I know that you have particular distaste for the idea that a yeast infection is somehow the root of autism, and rightly so—there is no one root of autism for even a single autistic child, let alone all autistic children. Yeast infections are championed by dirty hippies as the cause of everything from toe pain to cancer, and they clearly are not. But that doesn’t mean there is no such thing as a fungal infection—my husband has chronic ringworm on his legs, and it is treated with anti-fungal creams, and of course vaginal yeast infections and infant thrush are very real maladies. The truth is fungal infections are just one common comorbid condition of autism, along with many other gastrointestinal problems. Not all autistic children have chronic digestion issues, but mine do, as I have mentioned many times. And as it turns out, [Minifob's] stool and urine samples didn’t show a significant yeast infection, so the doctors at Thoughtful House obviously are not recommending that we treat as if he has one. What they did show is a strong Clostridium bacterial infection (another common comorbid condition, but one that doesn’t happen to have been picked up as a battle cry by dirty hippies, so it doesn’t get the same negative association.) Perhaps your position on this information will be 1.) the test results were inaccurate or falsified (again, they came from your own preferred lab down the hall,) or 2.) the infection is real, but it has no association with his autistic symptoms.

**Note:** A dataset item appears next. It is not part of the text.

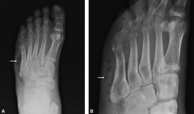Ocurre predominantemente en las arterias distales de extremidades inferiores que incluyen arterias tibiales anteriores y posteriores, peroneas distales, pedias y arcos plantares, visualizándose en todas las modalidades de imágenes como calcificaciones lineales en sus trayectos (►Fig. 3). Eso puede determinar áreas de isquemia que pueden llevar a la desvitalización del tejido, observándose en TC y RM como áreas focales de tejidos blandos que no realzan tras la administración de medio de contraste, con un límite bien definido con el tejido adyacente que realza con el contraste intravenoso. Ante esos hallazgos, se debe considerar también la posibilidad de absceso, valiéndose de elementos como la presencia de burbujas de aire para su diferenciación. La isquemia crónica también puede dar lugar a infartos óseos, que se reconocen en RM como alteraciones de señal intramedulares de contornos serpiginosos relativamente bien definidos que se rodean de un halo hipointenso en secuencias ponderadas en T1 e hiperintenso en secuencias ponderadas en T2.1,3,5,6

But even if that were the case, why wouldn’t I want to treat an infection in its own right? I’d like my son to stop having chronic loose stools, even if his autistic symptoms don’t improve one bit. However, at every step of the way, when we have adjusted any aspect of his food intake or digestion, his autistic symptoms have changed as well (either for better or for worse; it is often a case of trial-and-error, not steady improvement,) so I am personally quite confident that treating his intestinal infection with an antibiotic will be no different. (I know you have suggested Lactobacillus acidophilus as a first step for both [Minifob's] and [Minifobette's] digestive problems—and that is also something recommended by the doctors at Thoughtful House—but he has been taking multiple doses daily for months, yet his labwork showed zero colonization of beneficial bacteria.)